- **WHAT IS REQUIRED**
Beginning with the line that contains "and Schools, Black" and ending with the line that contains "BK heeft in", reproduce the lines of the entries below exactly, omitting pictures.

- **PROVIDED RECORDS**

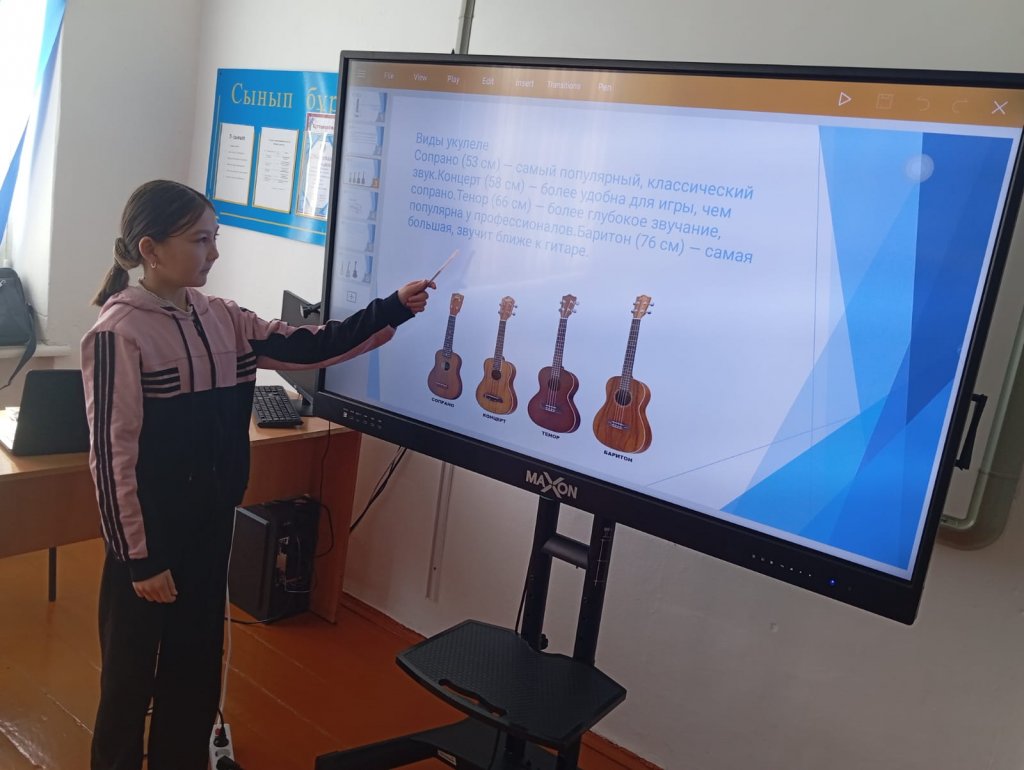 Жасанды интеллектті пайдалану. «Әлемнің музыкалық аспаптары» тақырыбы бойынша үй тапсырмасының презентациясы. Орыс тілі мен әдебиеті, 7 сынып.
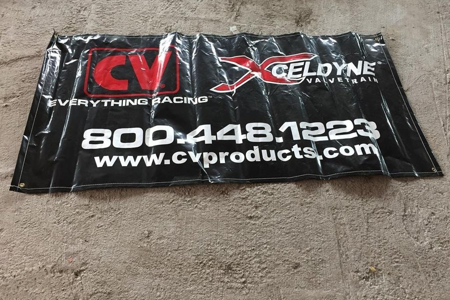 CV-products reklambanderoll med metallöglor, 180x90 cm. Utmärkt prydnad till garageväggen!
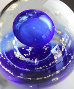Prouesse de maîtrise, l’artisan verrier réalise ici une triple inclusion de couleur dans la masse de cristal. Tel un tourbillon, ces trois « poumons » de couleur laisse libre choix d’interprétation.
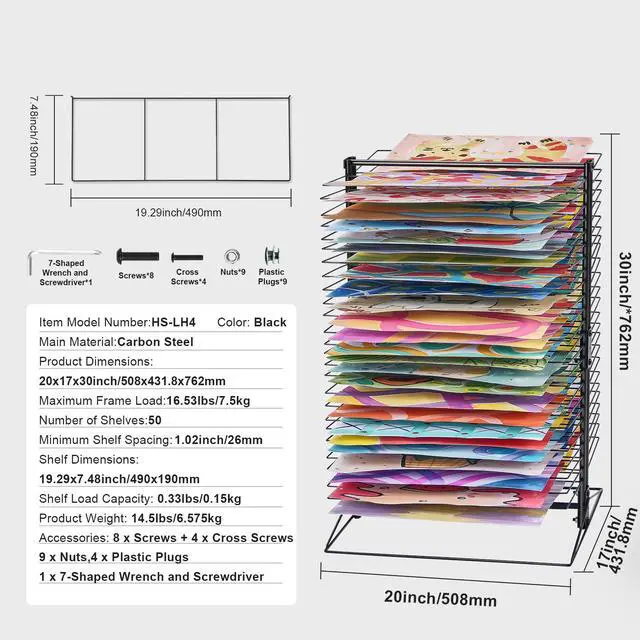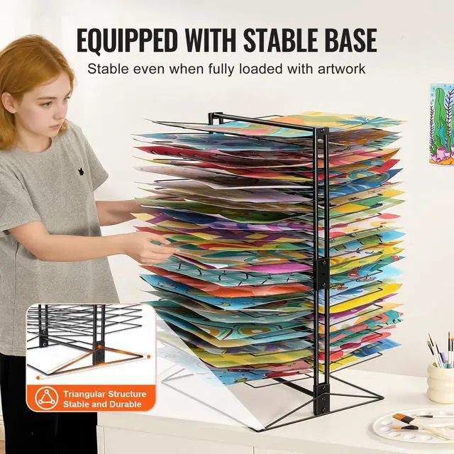 • VEVOR Art Drying Rack, 50 Removable Shelves 20 x 17 x 30 inch Paint Drying Rack with Stable Base, Carbon Steel Metal Painting Drying Rack for Artwork in Classroom, Art Studios and Schools, Black
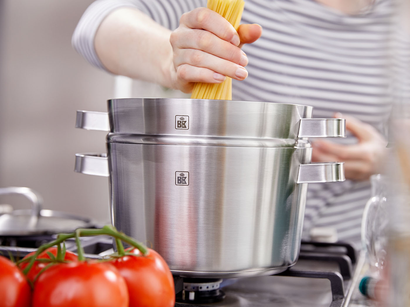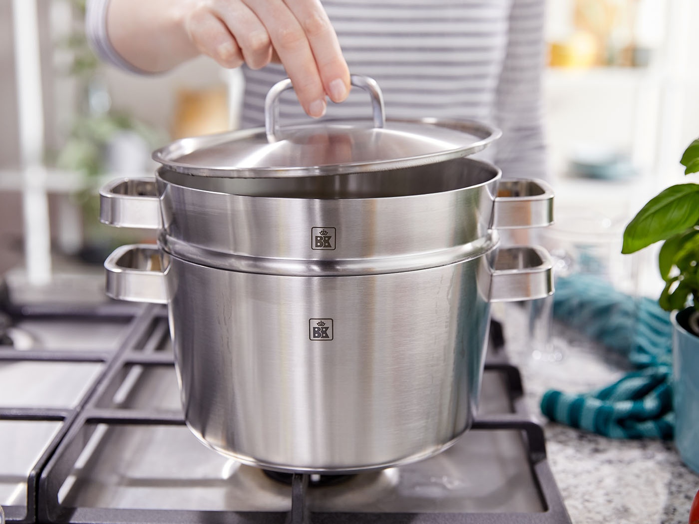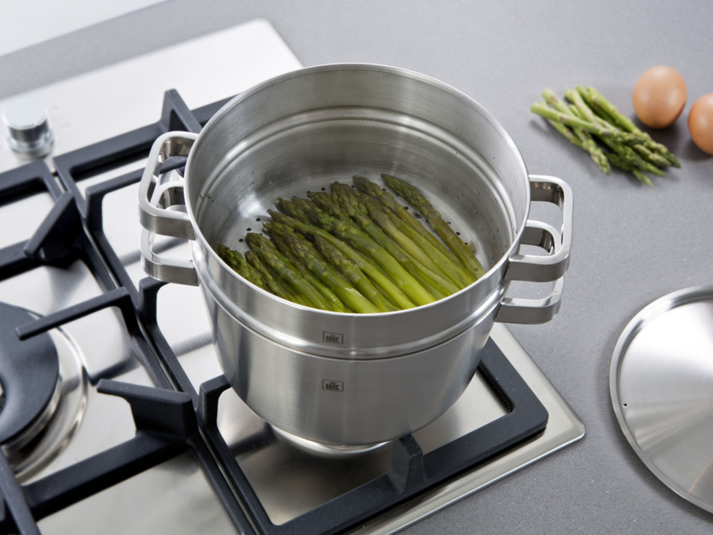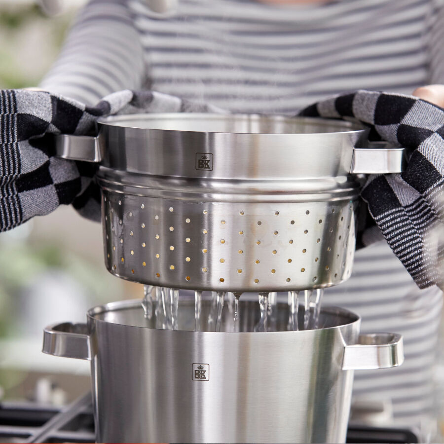 BK heeft in zijn assortiment de BK Conical+ 2-delige tomerinzet. Deze twee inzetbare stoompannen kan je plaatsen op elke 20 cm kookpan uit de BK Conical serie. Ze passen precies in de kookpan en zien er ongeveer hetzelfde uit, maar hebben een dunnere, geperforeerde bodem. Hierdoor kan de stoom van het kokende water uit de waterpan de ingrediënten in de stoompannen bereiken. Doordat er met deze 2-delige stomerinzet op twee niveaus tegelijk kan worden gestoomd, kun je voor vier personen aardappelen of rijst en tegelijk ook de groenten in één
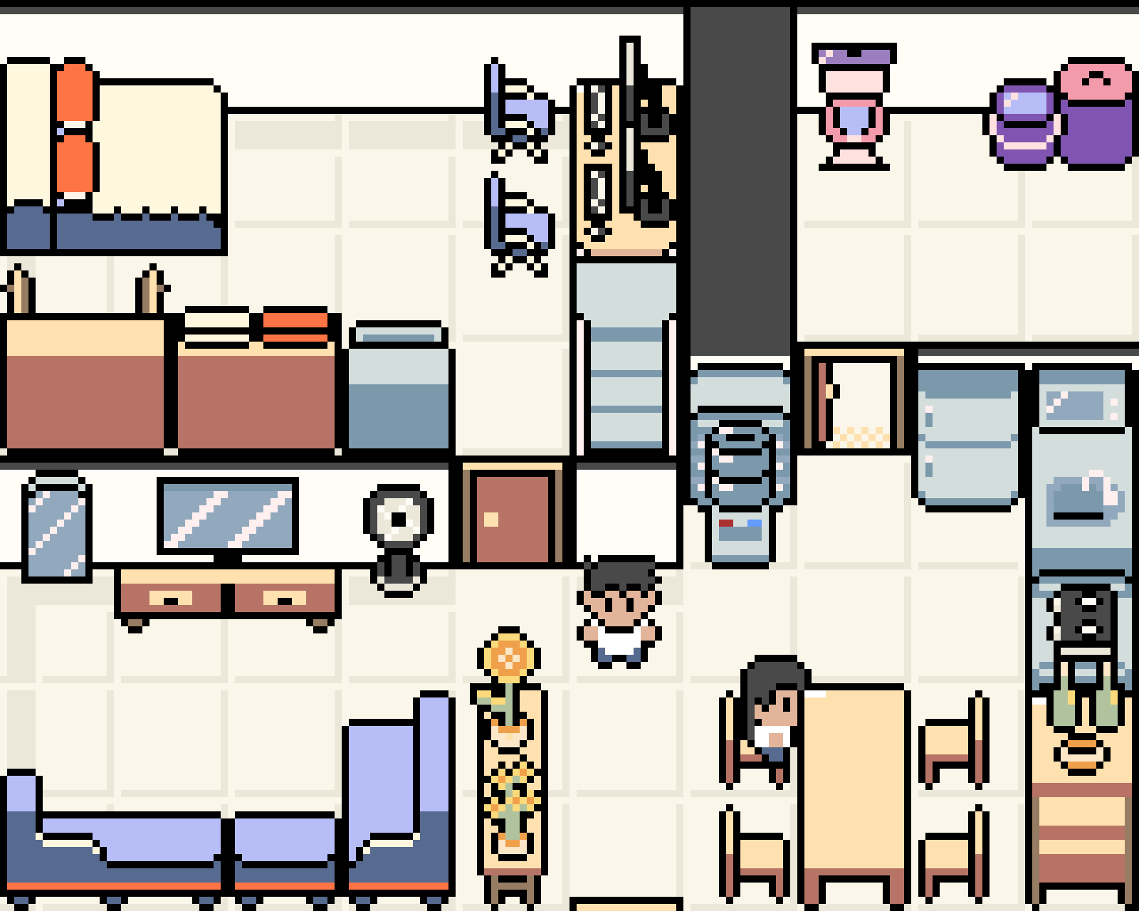 With a focus on clean pixel design and versatility, this pack includes characters and a variety of indoor objects that fit seamlessly into modern or everyday settings. Whether you're building a small room or a full apartment layout, these assets help bring your scenes to life.
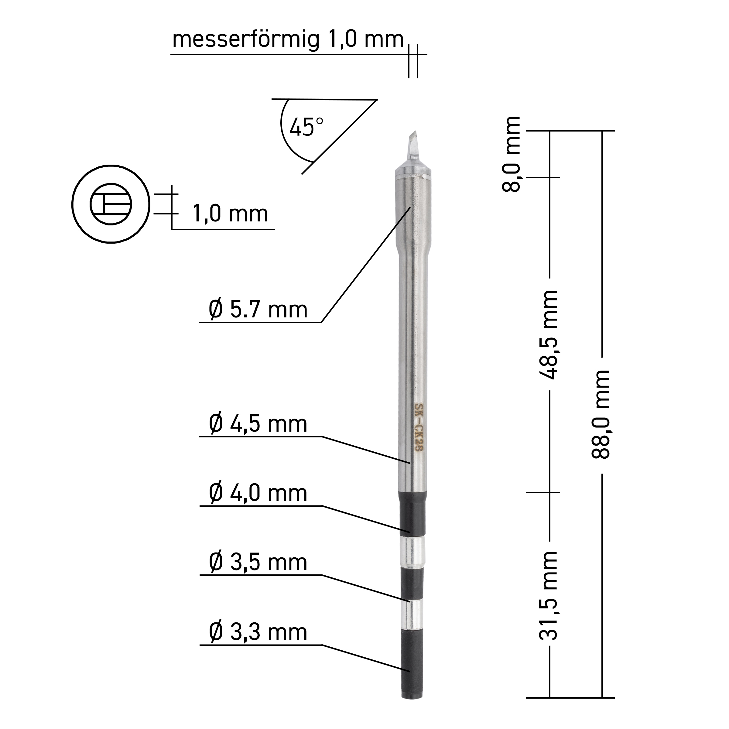 Spitzenform: messerförmig R0.1, angeschrägt 45°

- **TASK ANSWER**
 • VEVOR Art Drying Rack, 50 Removable Shelves 20 x 17 x 30 inch Paint Drying Rack with Stable Base, Carbon Steel Metal Painting Drying Rack for Artwork in Classroom, Art Studios and Schools, Black
 BK heeft in zijn assortiment de BK Conical+ 2-delige tomerinzet. Deze twee inzetbare stoompannen kan je plaatsen op elke 20 cm kookpan uit de BK Conical serie. Ze passen precies in de kookpan en zien er ongeveer hetzelfde uit, maar hebben een dunnere, geperforeerde bodem. Hierdoor kan de stoom van het kokende water uit de waterpan de ingrediënten in de stoompannen bereiken. Doordat er met deze 2-delige stomerinzet op twee niveaus tegelijk kan worden gestoomd, kun je voor vier personen aardappelen of rijst en tegelijk ook de groenten in één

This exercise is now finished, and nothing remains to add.